# [Data section]

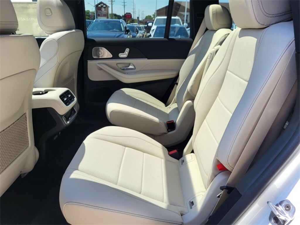 13 Speakers, 3rd row seats: split-bench, 4-Wheel Disc Brakes, 7-Seat Configuration, ABS brakes, Adaptive suspension, Air Conditioning, Alloy wheels, AM/FM radio: SiriusXM, Apple CarPlay®/Android Auto®, Auto High-beam Headlights, Auto tilt-away steering wheel, Auto-dimming door mirrors, Auto-dimming Rear-View mirror, Auto-leveling suspension, Automatic temperature control, Brake assist, Bumpers: body-color, Child-Seat-Sensing Airbag, Compass, Delay-off headlights, Driver door bin, Driver vanity mirror, Dual front impact airbags, Dual front side impact airbags, Electronic Stability Control, Emergency communication system: eCall Emergency System, Exterior Parking Camera Rear, Four wheel independent suspension, Front anti-roll bar, Front Bucket Seats, Front Center Armrest w/Storage, Front dual zone A/C, Front reading lights, Fully automatic headlights, Garage door transmitter: HomeLink, Head restraints memory, Heated and Ventilated Power Front Seats w/Memory, Heated door mirrors, Heated front seats, Illuminated entry, Knee airbag, Leather steering wheel, Low tire pressure warning, MB-Tex Upholstery, Memory seat, Navigation system: MB Navigation, Occupant sensing airbag, Outside temperature display, Overhead airbag, Overhead console, Panic alarm, Passenger door bin, Passenger vanity mirror, Power adjustable front head restraints, Power door mirrors, Power driver seat, Power Liftgate, Power moonroof: Panorama, Power passenger seat, Power steering, Power windows, Premium audio system: MBUX, Radio: Burmester® Surround Sound System, Rain sensing wipers, Rear air conditioning, Rear anti-roll bar, Rear dual zone A/C, Rear fog lights, Rear reading lights, Rear seat center armrest, Rear window defroster, Rear window wiper, Remote keyless entry, Security system, Speed control, Speed-sensing steering, Speed-Sensitive Wipers, Split folding rear seat, Spoiler, Steering wheel memory, Steering wheel mounted audio controls, Tachometer, Telescoping steering wheel, Tilt steering wheel, Traction control, Trip computer, Turn signal indicator mirrors, Variably intermittent wipers, Ventilated front seats, Weather band radio, Wheels: 21" Triple 5-Spoke.
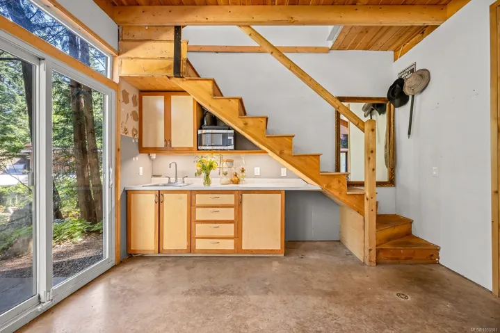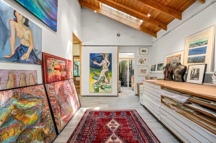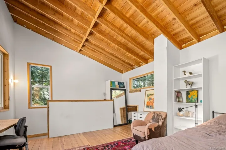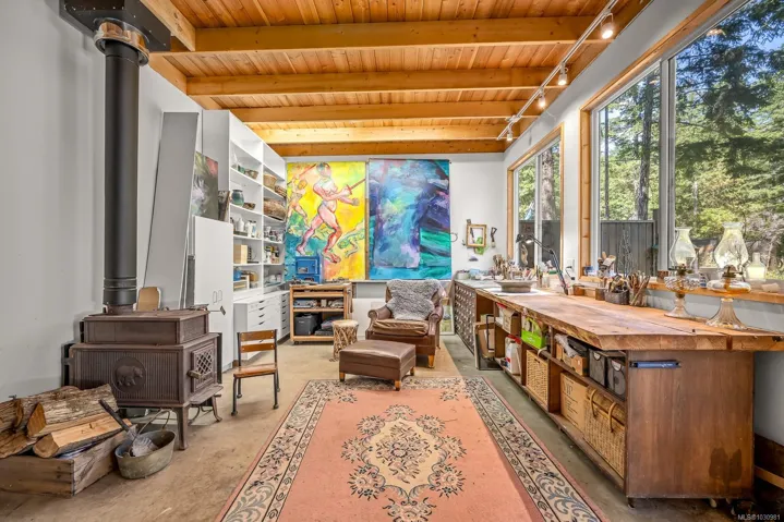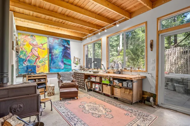 This versatile 0.591-acre property blends natural beauty with practical space, making it ideal for artists, gardeners, or families seeking a peaceful and/or active lifestyles. Terraced landscaping offers privacy, with beautiful flowering gardens, a tranquil pond, mature fruit trees, and greenhouses. The main residence features vaulted ceilings in an open-concept layout, a recently updated kitchen, and a heat pump. Fireplaces offer cozy living in winter while outdoor spaces provide settings for summer family gatherings. The detached artist’s studio is a modern, well-built, private space perfect for creative work or a home-based business, with its own entrance and parking. Additional features include a drilled well, two cisterns, a rainwater collection and septic systems. Whether you’re nurturing creativity, running a home business, or looking to enjoy the many beaches, mountain bike and hiking trails—this property offers flexibility, functionality, and room to grow.
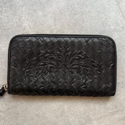 Ultra Bottega Veneta Intrecciato Round Zipper Long Wallet Embossed Leather
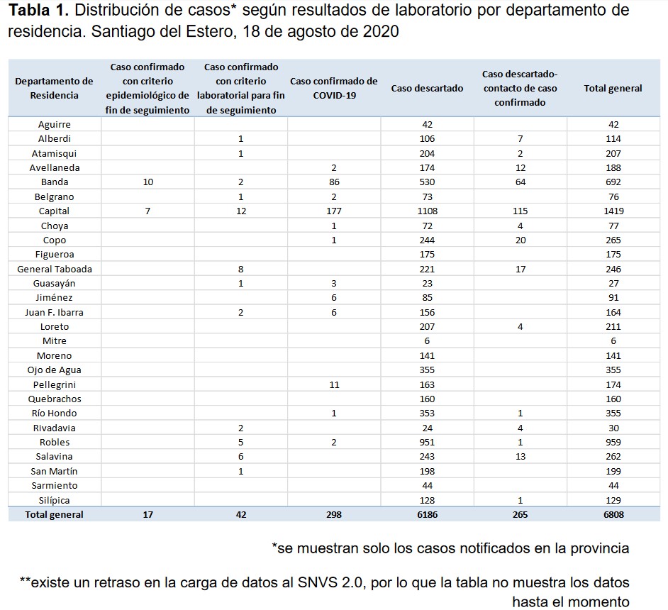 Los casos positivos registrados este miércoles corresponden a controles, no son nuevos, Añatuya (1), Las Termas de Río Hondo (1) y el resto de Capital y La Banda. Con la confirmación de 33 casos el numero de positivos de Covid-19 suma 384 casos en toda la provincia. Desde el inicio de la pandemia se confirmaron 444 casos en total. Hay 8221 casos descartados a la fecha.
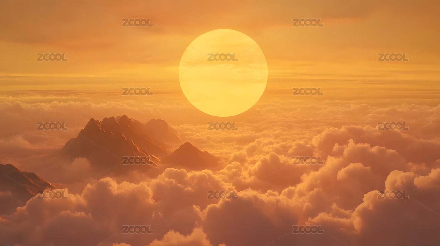 宁静,光线,深蓝,温暖,自然,天空,太阳,云海,橙黄,美景
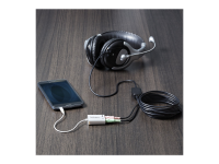 - Information Have you recently purchased a newer laptop or Ultrabook and now you can't figure out where to plug in your favorite headset? Most new laptops and Ultrabooks come equipped with a single 3.5mm 4-position (4pin) audio port that supports both audio input and output. A great number of headsets on the market come equipped with two separate headphone and microphone connectors that are not compatible with this new configuration. The MUYHSMFFADW white headset adapter features two 3.5mm 3-position ports that provide a separate headphone and microphone connection that can be connected to the single audio port on your laptop. Alternatively, you can also connect a separate microphone and powered speakers if you prefer to use Skype or chat online without using a headset. Simply connect the headphone plug from your headset into the audio output port marked with the headphone symbol, and connect the microphone plug into the audio input port marked with the microphone symbol. Plug the adapter into the audio port on your laptop and you're all set. Want to work or game without using a headset? You can also connect a microphone and powered speakers to your laptop using the adapter. Just plug in your microphone into the audio input port marked with the microphone symbol, and plug your powered speakers into the audio output port marked with the headphone symbol, and connect the adapter to the audio port on your laptop. Are you travelling for work or taking a trip? The headset adapter features a compact and sturdy design that makes it the perfect solution for mobile applications. Tuck the adapter in with your tablet or slip it inside another carrying case. It works great with tablets and smartphones that have a single audio port. Just connect the headphone and microphone plugs from your headset into the adapter, connect the adapter to your mobile device and start talking. This adapter is not a headphone splitter or Y-cable. It cannot be used to split the audio output to two separate sets of headphones or speakers. Some laptops and mobile devices will not work with all external microphones. This is typically caused by an impedance mismatch between the microphone and the device. This is due to hardware incompatibility and is not a limitation of the MUYHSMFFADW adapter.
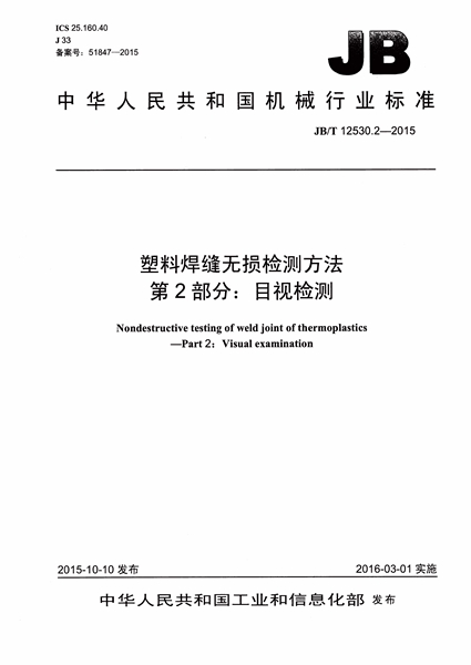 JB/T 12530.2-2015 塑料焊縫無損檢測方法 第2部分:目視 ...

# [Work to complete]
Return exactly the stretch above whose first line contains "Los casos positivos" and whose last line contains "宁静,光线,深蓝,温暖,自然,天空,太阳,云海,橙黄,美景", and nothing outside it. The pictures should not appear.

# [Expected output]
 Los casos positivos registrados este miércoles corresponden a controles, no son nuevos, Añatuya (1), Las Termas de Río Hondo (1) y el resto de Capital y La Banda. Con la confirmación de 33 casos el numero de positivos de Covid-19 suma 384 casos en toda la provincia. Desde el inicio de la pandemia se confirmaron 444 casos en total. Hay 8221 casos descartados a la fecha.
 宁静,光线,深蓝,温暖,自然,天空,太阳,云海,橙黄,美景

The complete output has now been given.